- Allegiance: United Kingdom
- Branch: British Army
- Service years: 1993–present
- Rank: Lieutenant General
- Unit: Royal Electrical and Mechanical Engineers
- Conflicts: War in Afghanistan
- Awards: Knight Commander of the Order of the British Empire

= Simon Hamilton (British Army officer) =

British Army general

Lieutenant General Sir Simon Peter Hamilton is a senior British Army officer.

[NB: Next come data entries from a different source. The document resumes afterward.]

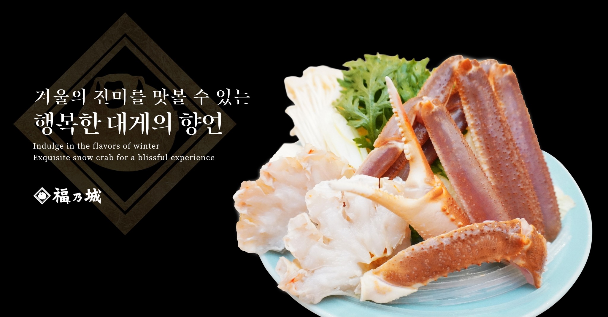 후구노시로에서는 제철 식재료를 풍성하게 맛볼 수 있는 다양한 코스를 준비했습니다. 그중에서도 이 계절에 추천드리는 것은 「코우라 코스 (9,800엔)」입니다. 부드러운 육수에 게살을 넣어 끓이는 최고급 ‘가니스키’를 시작으로, 게 회, 게 구이, 튀김, 진한 게 내장까지 게의 매력을 남김없이 즐길 수 있는 최고의 코스입니다. 마무리로는 게의 감칠맛이 스며든 죽을 천천히 즐기며 여운을 만끽하시기 바랍니다。
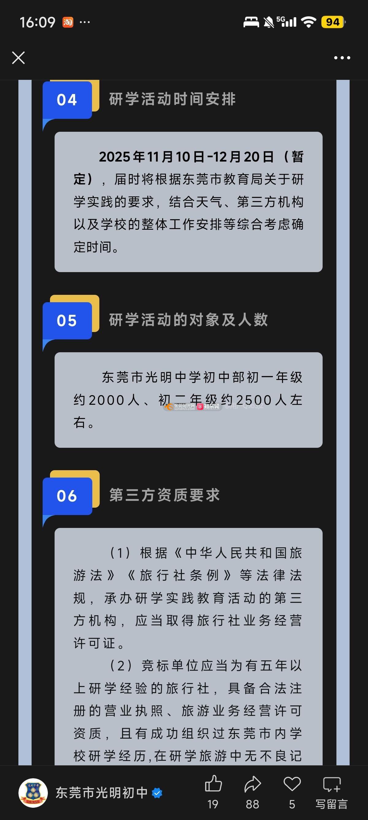 光明中学不让初三生研学
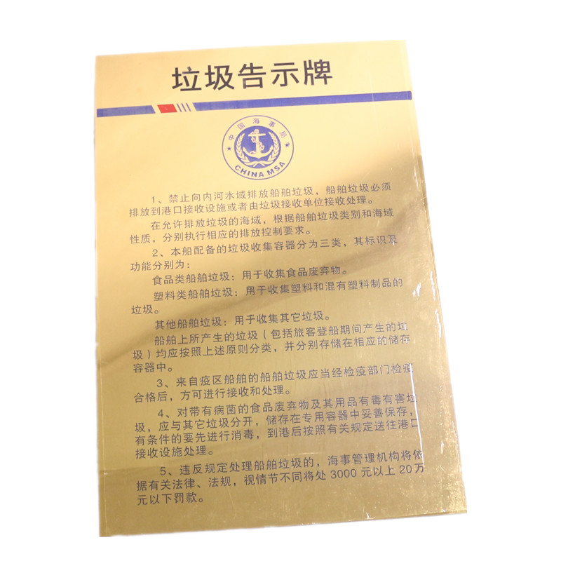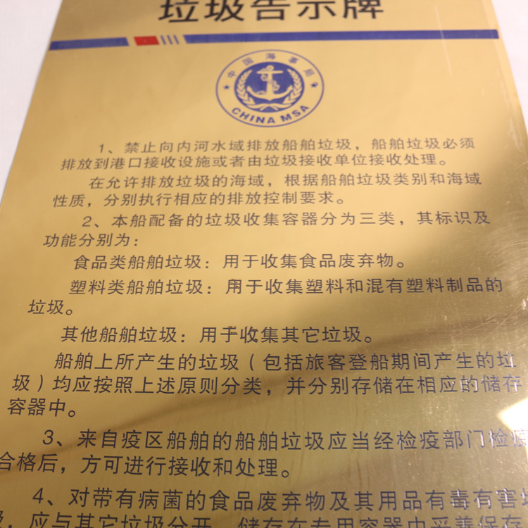 2019 new version of inland river garbage bulletin board marine Chinese version garbage sign board copper alloy ship garbage board
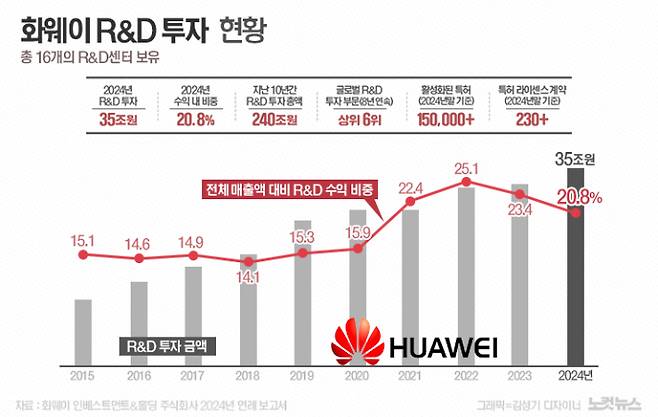 화웨이의 2024년 매출액 대비 R&D 투자비중은 20.8%에 달한다. 한국을 대표하는 삼성전자(11.6%)와 SK하이닉스(7.5%)를 훌쩍 뛰어넘는다. R&D 투자액으로도 한국 기업들을 넘어선 것은 물론 알파벳과 메타, 애플, MS, 폴크스바겐 등 굴지의 글로벌 기업들에 이은 6위를 기록했다.
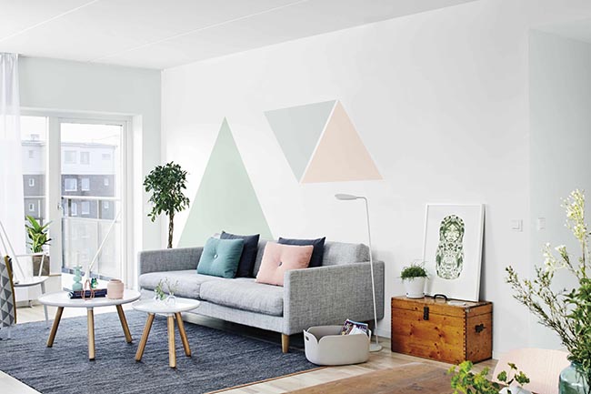 Tạo thêm nét yên bình cho phòng khách bằng cách sử dụng những màu sắc dịu nhẹ từ thiên nhiên.Bố trí một màu êm ái cho phông nền, ví dụ như màu xanh dương đậm và tạo thêm một lớp bằng những vòng tròn ấm áp để mang đến sự bắt mắt đầy thú vị đặc trưng riêng cho bức tường.

He has been appointed Deputy Chief of the General Staff since April 2026.

==Military career==
On 14 April 1995, having attended the Royal Military Academy, Sandhurst, Hamilton was commissioned into the Royal Electrical and Mechanical Engineers, British Army, as a second lieutenant with seniority in that rank from 2 January 1993. He was promoted to lieutenant on 14
April 1995, with seniority from 2 January 1995. He was promoted to captain on 2 January 1998, to major on 31 July 2003, and to lieutenant colonel on 30 June 2009.

He was appointed Head of Vehicle Support at Defence Equipment and Support in 2017, the British Army's Director of Logistics Support and Engineering in 2019, and Director General Land at Defence Equipment and Support in 2024.

Hamilton went on to be Interim CEO at Defence Equipment and Support in October 2025. He was appointed Deputy Chief of the General Staff in April 2026. On 1 April 2026, he was appointed Master General of the Corps of Royal Electrical and Mechanical Engineers, the ceremonial head of the corps.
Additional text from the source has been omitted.